While the HPV vaccine has been shown to be both safe and effective, the unfortunate reality is that only about 40% of boys and girls in the U.S. are fully protected with the recommended 2 or 3 doses of HPV vaccine.  This is unfortunate because we know that 9 out of 10 adults will have an HPV infection at some point in their lifetime.

6-reasons-listicle-04Many of these HPV infections may eventually clear up on their own. However, the fact remains that some infections will develop into dangerous cancers years, or even decades, after initial exposure. While doctors routinely screen for cervical cancer, there are no recommended cancer screening tests for the other 20,000 cases of cancers caused by HPV infections each year in the United States. Considering that there are often no early symptoms of these cancers, many of these cases will go undetected until they have progressed to a late and dangerous stage.
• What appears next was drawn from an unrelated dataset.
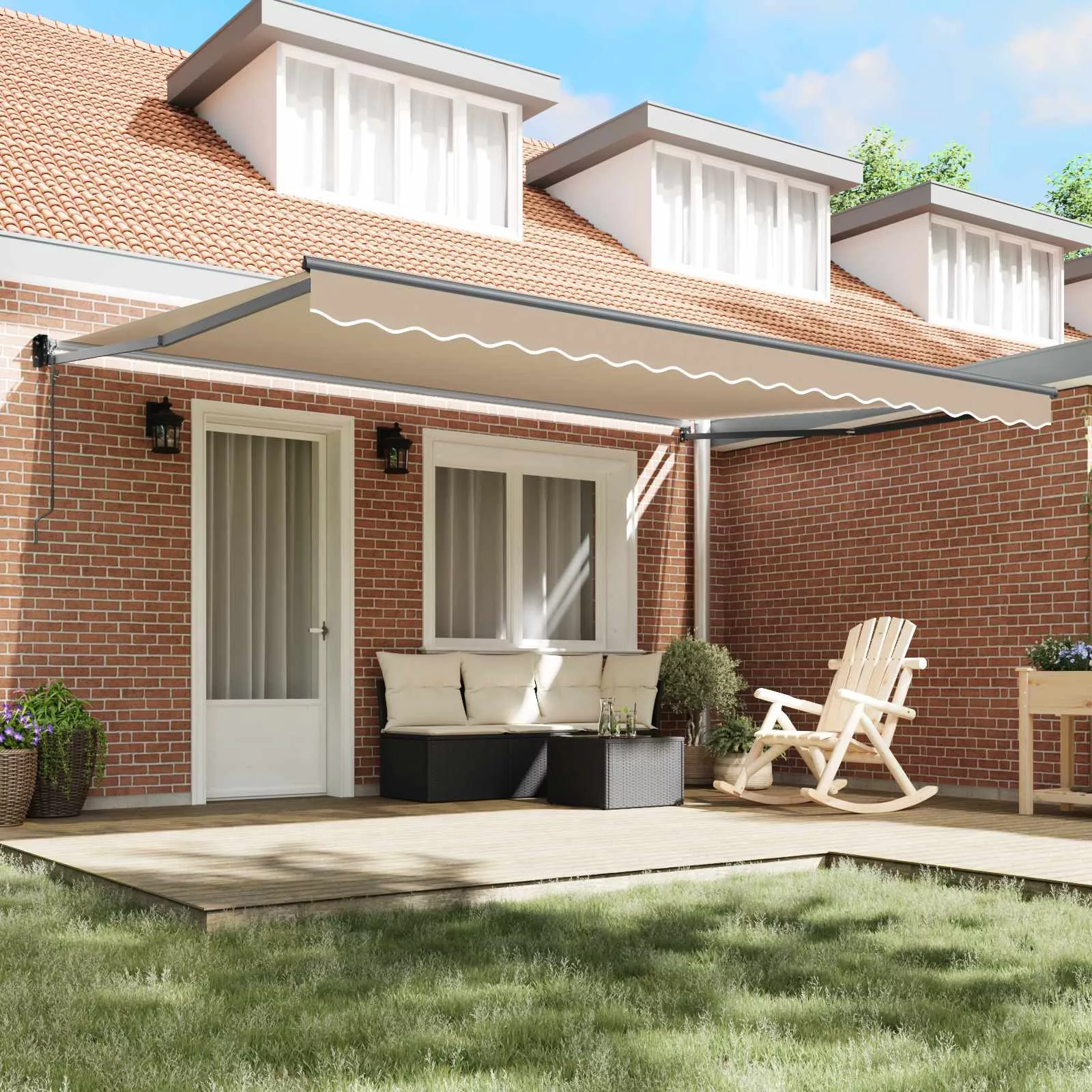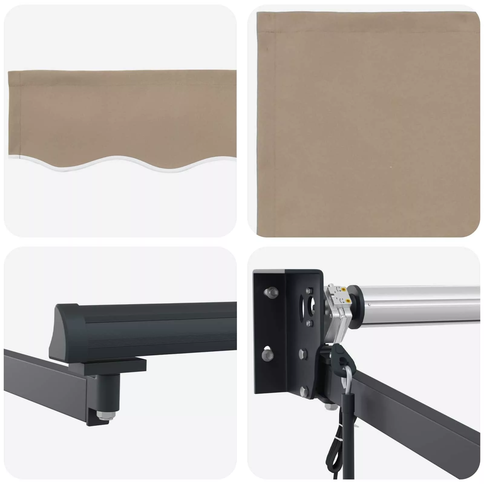 - Modern esztétika A dizájnjának köszönhetően ez az árnyékoló simán beleillik a kortárs kültéri dekorációba. A bézs és antracit színek eleganciát adnak, míg a minimalista stílus kiemeli a teredet, anélkül, hogy túlzásba vinné, így harmonikus kültéri hangulatot teremt.

This is why HPV vaccination is so important.  Preventing cancer is always better than treating it. 

 

So how can you help the American Cancer Society in their goal to end HPV cancers?

 

Parents:

Educate yourself about HPV and make sure the children in your life are vaccinated. Read some of the most common myths about HPV vaccine here and help to dispel these myths by sharing accurate and evidence-based information about HPV and HPV vaccination with your friends and family.

Learn more about HPV and HPV vaccination, by reviewing the informative new resources that have been developed as part of the American Cancer Society’s Mission:HPV Cancer Free campaign, to include the following:

Also, hear the stories of HPV cancer survivors and the providers who have cared for them to consider why prevention is critical in our fight to end cancer.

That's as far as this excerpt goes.